Navalny Media Coverage Reveals Western Anti-Putin Bias

Prime Minister Vladimir Putin of Russia addresses the World Economic Forum in Davis, Switzerland, January 28, 2009

Prime Minister Vladimir Putin of Russia addresses the World Economic Forum in Davis, Switzerland, January 28, 2009 (WEF/Sebastian Derungs)

Thursday’s conviction of Russian opposition activist Alexei Navalny to five years imprisonment on an embezzlement charge rekindled Western criticism of President Vladimir Putin’s supposedly authoritarian governing style, even as Navalny was released from custody a day later to await his appeal and stand in Moscow’s mayoral election in September.

Navalny’s trial may have been politically motivated but as is unfortunately usual, many media overestimate his popularity and have glossed over his intolerant tendencies.

The anti-corruption campaigner, who famously described the ruling United Russia party as one of “crooks and thieves,” does enjoy a following among the more cosmopolitan young Russians who are tired of repression and nepotism at the top but outside Moscow, few Russians — who get their news from state controlled television — have ever heard of him. A recent poll from the Levada Center put his support even in the capital at just 4 percent.
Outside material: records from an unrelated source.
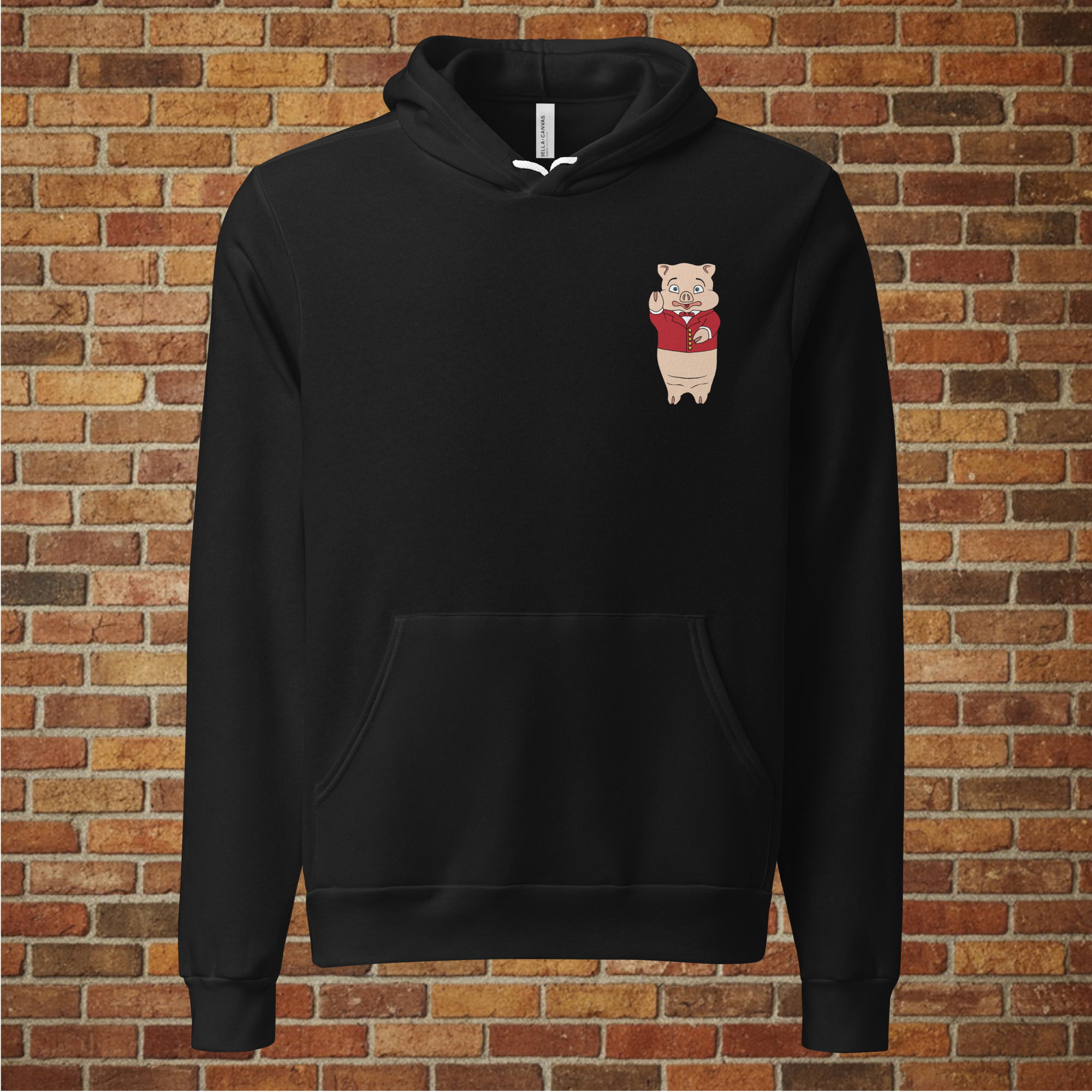 Front view of Rudy’s Bar & Grill Hell’s Baron Von Swine Neon Sign Hoodie – black pullover with small Baron Von Swine pig mascot graphic on the chest, displayed flat against a brick wall background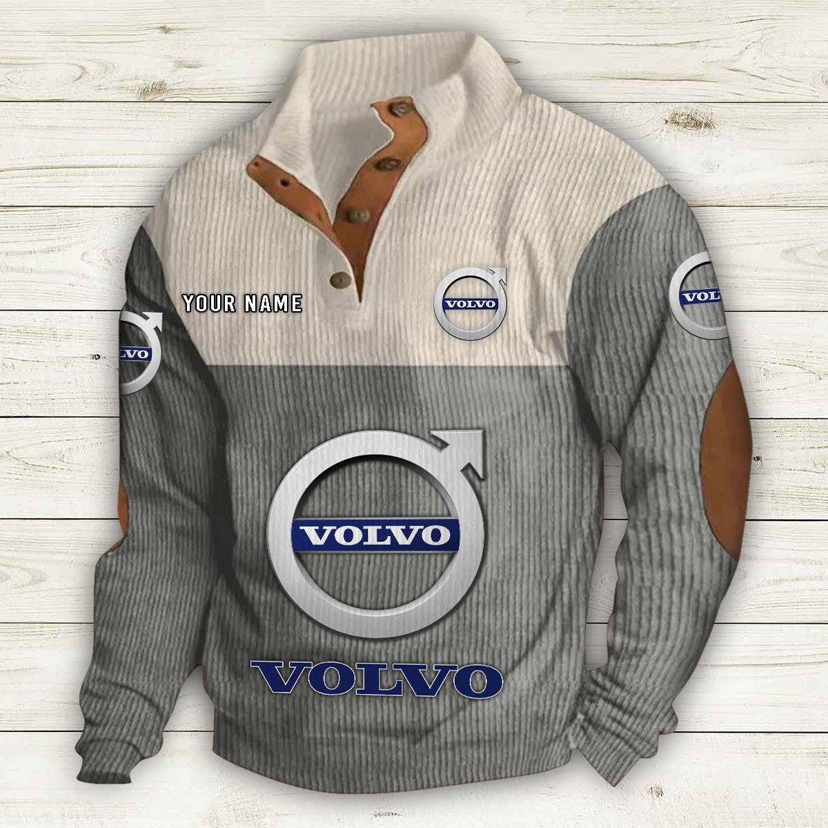 Doté d’un col montant, d’une patte de boutonnage partielle et de détails raffinés comme des empiècements en suédine au col et aux coudes,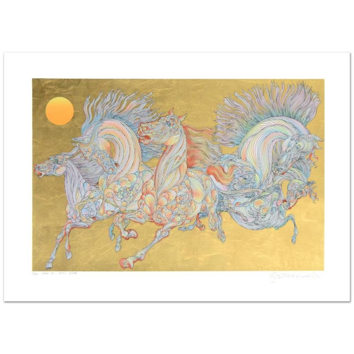 "Lever De Soleil" is a limited edition serigraph on paper with hand laid gold leaf by Guillaume Azoulay, numbered 50 out of 50 and hand signed by the artist. Includes Certificate of Authenticity! Measures approx. 38" x 27.5" (border)., 32" x 21" (image).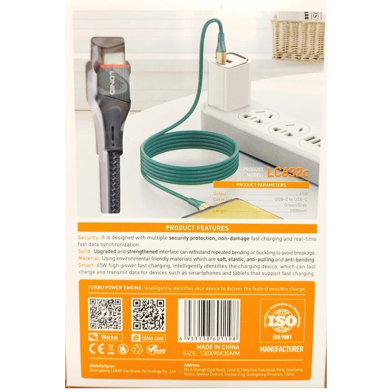 کابل Type-C به Type-c الدینیو LC632C از قابلیت شارژ سریع و انتقال داده برخوردار است. در دو سر این کابل کانکتور Type-C با پوشش پلاستیک ABS قرار داشته که کیفیت بسیار بالایی دارد. سر کانکتورها نیز از آلیاژ آلومینیوم ساخته شده است. بدنه این کابل از الیاف بافته شده ساخته شده که هم ظاهر بسیار شیک و جذابی داشته و هم در برابر خم شدن و خوردگی مقاوم است. طول کابل Type-C الدینیو LC632C برابر 2 متر است. کابل دو سر Type-C مدل Ldnio LC632C برای انتقال دیتا نیز مناسب بوده و می تواند با حداکثر سرعت 480 مگابیت بر ثانیه دیتا را انتقال بدهد.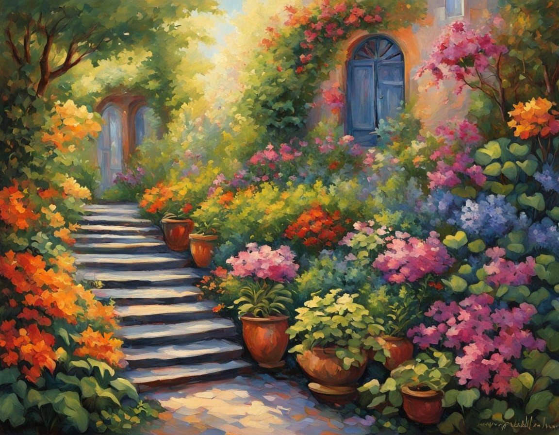This oil painting features a winding stone staircase leading to a bright sky, adorned with lush plants and vibrant blossoms in a serene garden setting. Rendered with thick, impasto strokes, it captures the warm glow of golden hour.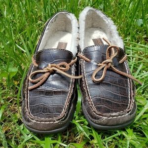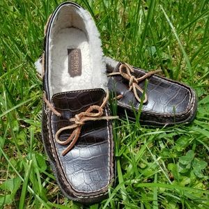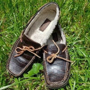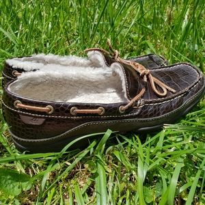Great Brown Crocodile Pattern Leather Sperry Top-Sider Fur Lined Loafers Size 8. EUC!!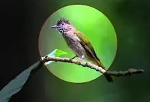 黑冠黄鹎:体长18-21厘米,是一种中等体型偏黄色鹎。整个头、颈、颏、喉黑色,头顶有显著直立的羽冠,黑色,上体褐橄榄黄绿色,下体橄榄黄色。虹膜偏红;嘴及脚黑色。…全部>>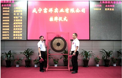 7月10日,咸宁富洋实业有限公司在上海股权托管交易中心成功举行Q板挂牌仪式,成为我市首家在沪挂牌企业。 (记者原子 通讯员熊松)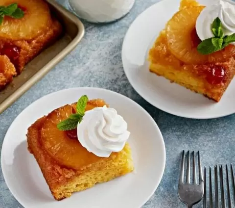 Коричневый сахар, ананасы, вишни и легкое тесто — вместе это делает удивительно вкусный перевернутый пирог с ананасами. И только вы знаете, как быстро его приготовили!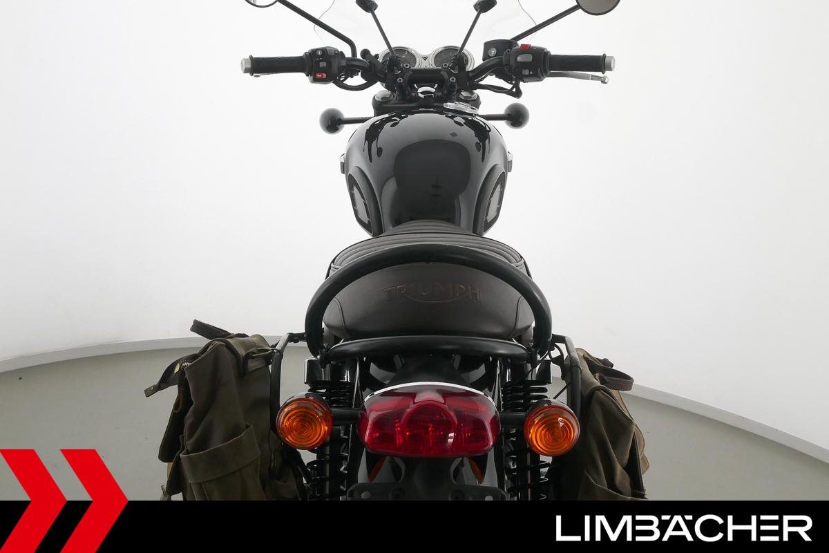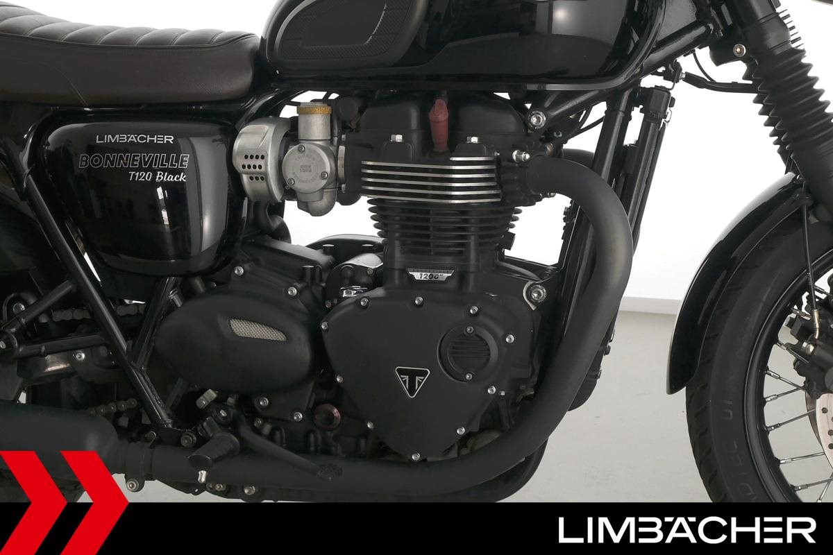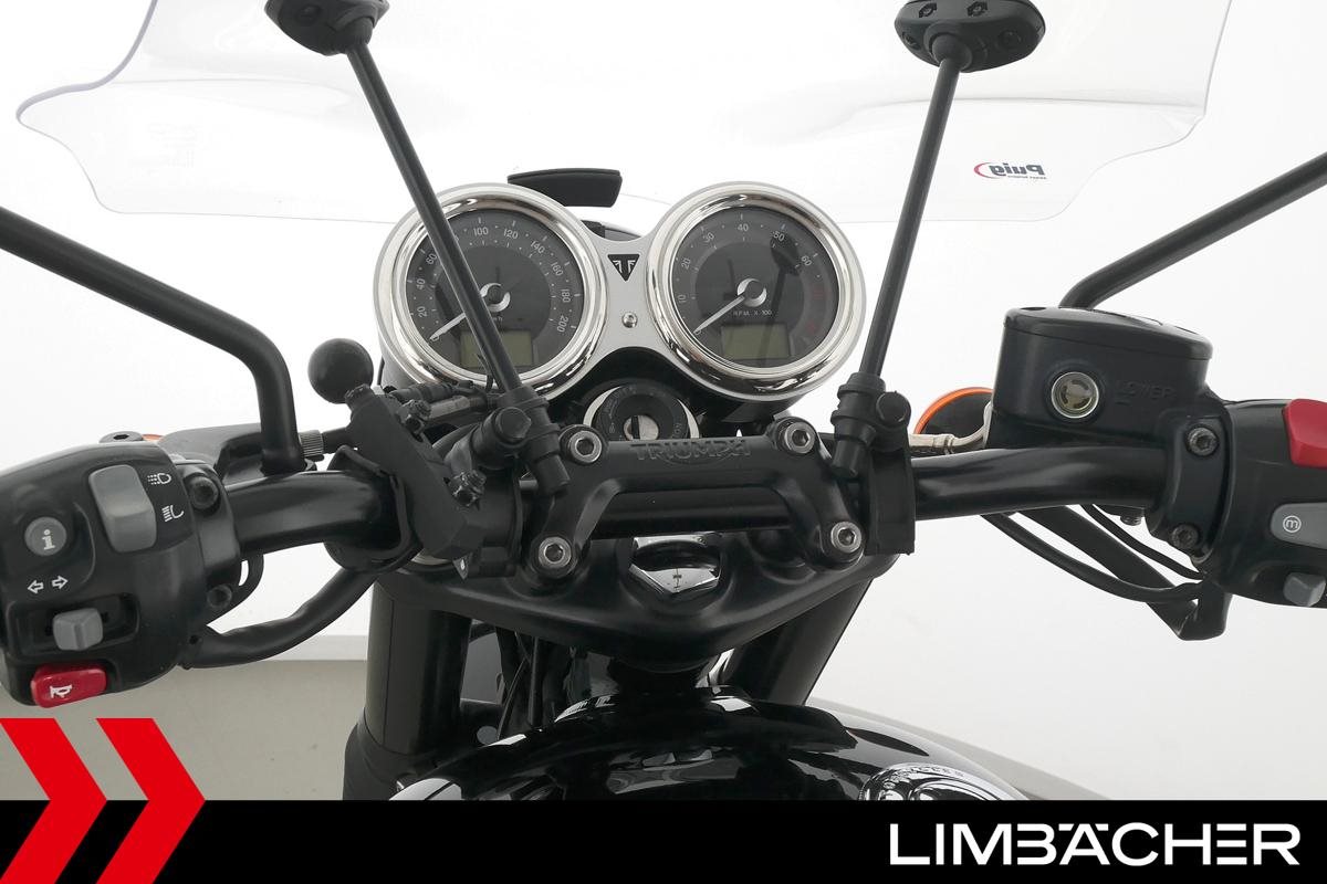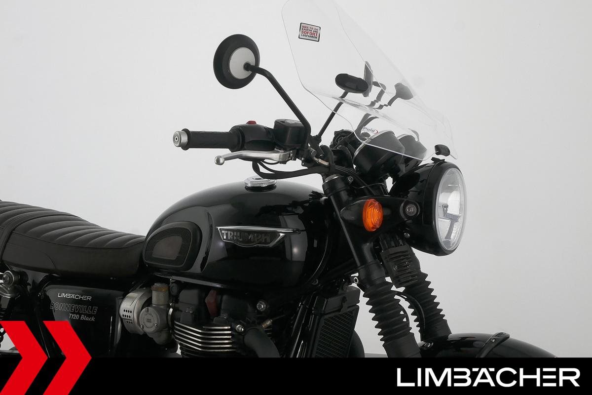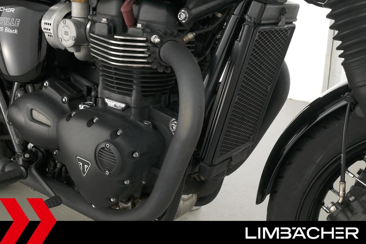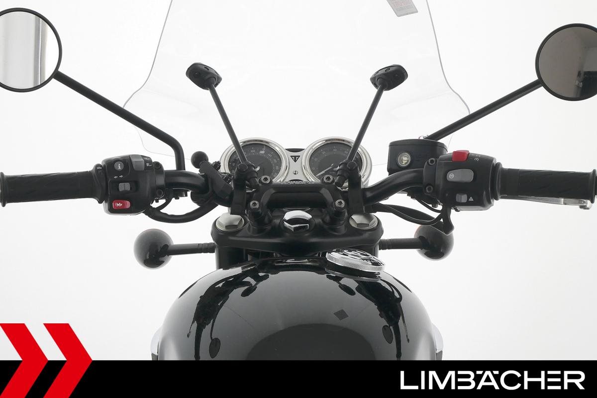 Eine scheckheftgepflegte Triumph Bonneville T120 Black aus erster Hand in gepflegtem Zustand u.a. mit Puig-Touring-Windschild sowie Griffheizung.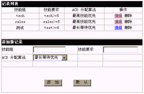 設(shè)置技能組:定義一個(gè)技能組名稱(chēng),給出一項(xiàng)技能的值范圍表達(dá)式,凡具備該技能且技能值屬于該范圍的座席,將自動(dòng)加入該技能組。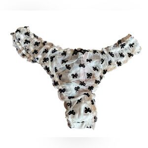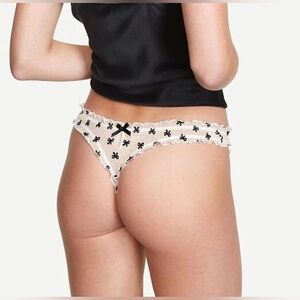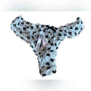 Victoria’s Secret Dream Angels Thong Large White Ruffle Mesh Black Bows NWT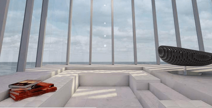 Se vi state però chiedendo come potervi accedere il mistero è presto risolto. La casa sporgente è accessibile attraverso il piano superiore da cui un ascensore vi porterà ai 4 sottostanti.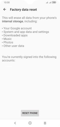 Press ERASE EVERYTHING. Wait a moment while the factory default settings are restored. Follow the instructions on the screen to set up your phone and prepare it for use.

Given that Navalny is nevertheless considered a credible candidate, the government would do well to let him run in September. It could avoid criticism of rigging the election — another accusation that is often made against Putin’s regime on the basis of little evidence — while setting up a prominent opposition leader for a fall.

Much reporting, however, seems to assume Putin is determined to thwart Navalny’s political future out of sheer spite.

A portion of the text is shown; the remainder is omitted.